Participants are excluded if not living in Brazil, if previously treated or on treatment for any form of TB disease for at least 72 hours, have a previous diagnosis of cystic fibrosis or bronchiolitis obliterans, a tracheostomy, clinically diagnosed at enrollment with a healthcare-associated infection, asthma exacerbation without associated LRTI, or being on invasive or non-invasive mechanical ventilation. After inclusion, the participant is excluded if a sputum sample cannot be obtained.
Outpatient-based study arm
Inclusion criteria.
Participants aged 6 months to 15 years at TB referral clinics are eligible if they have one of the following:
- persistent, unremitting cough for more than two weeks and/or;
- unexplained axillary temperature above 37.8 °C for more than one week and/or;
- persistent, unexplained lethargy and/or;
- decrease in playfulness/activity reported by the parent/caregiver and/or;
- weight loss/failure to thrive (weight loss is defined as >5% reduction in weight compared with the highest weight recorded in the last three months, and failure to thrive is defined as clear deviation from a previous growth trajectory), and/or documented crossing percentile lines in the preceding 3 months, and/or weight-for-age z score of ≤ −2 in the absence of information on previous/recent growth trajectory, and/or weight-for-height z score of ≤ −2 in the absence of information on previous/recent growth trajectory and not responding to nutritional rehabilitation (or antiretroviral therapy if HIV infected).
Participant selection and study variables
On weekdays, a convenience sample is screened in both pediatric wards and outpatient clinics, based on the eligibility of potential participants. Potential participants’ legal caregivers are invited to be included. Study invitation and data collection is done by the research teams of the participating sites. To ensure consistency in all study procedures, the coordinating team trained all investigators and researchers involved in the study according to the Operational Manual, which contains the study’s standard operating procedures (SOPs). It required them to produce up-to-date Good Clinical Practice (GCP) certification. Study questionnaires are administered to the patient’s legal caregiver. Data collected in the TBPed Study are shown in Table 1. Fig 1 presents the study procedures performed in the hospital-based study arm (panel A) and in the outpatient-based study arm (panel B). Our study is cross-sectional; however, we conducted a small follow-up through medical record review to verify TB diagnoses and treatments administered after study entry. This medical record review is conducted for hospitalized participants at the time of hospital discharge or within 28 days of admission, whichever occurs first. Medical record review for outpatient participants occurs up to 60 days after study entry, the maximal time required for the release of liquid culture results.

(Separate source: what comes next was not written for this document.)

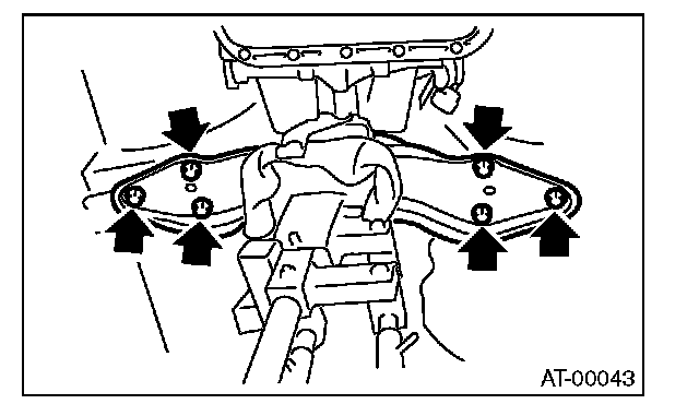 17) Remove the transmission rear crossmember bolt.

MGIT = Mycobacteria Growth Indicator Tube.
Chest radiograph (CXR)
The CXR image is obtained from the participant’s medical record, as requested by the attending physicians. All researchers are trained in the Standardized Operational Procedure (SOP) for chest radiograph acquisition and storage in the study electronic case report form. The assessment of intrathoracic TB and pneumonia in children will be evaluated by consensus of two expert radiologists blinded to the clinical data, with a third reader available to resolve discordant decisions using a standardized reporting form. The criteria for radiological classification are described elsewhere [20,23–25].

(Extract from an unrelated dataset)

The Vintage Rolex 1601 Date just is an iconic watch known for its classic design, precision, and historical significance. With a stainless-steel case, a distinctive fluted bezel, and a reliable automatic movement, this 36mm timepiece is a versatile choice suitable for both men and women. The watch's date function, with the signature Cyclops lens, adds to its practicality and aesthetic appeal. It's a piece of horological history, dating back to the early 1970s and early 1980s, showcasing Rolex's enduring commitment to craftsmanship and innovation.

The Brazilian Ministry of Health’s score
The Brazilian Ministry of Health’s validated score [2,3] system for predicting PTB in children and adolescents, updated in 2022 [26], includes signs and symptoms, radiological findings, contact with adults with PTB, TST results, and nutritional status, as shown in Fig 2 and described elsewhere [3]. Diagnosis probability is classified as follows: at least 40 points = very likely diagnosis, 30–35 points = possible diagnosis, and 25 points or less = diagnosis is unlikely. The same score will be calculated using IGRA results instead of TST results when IGRA is available.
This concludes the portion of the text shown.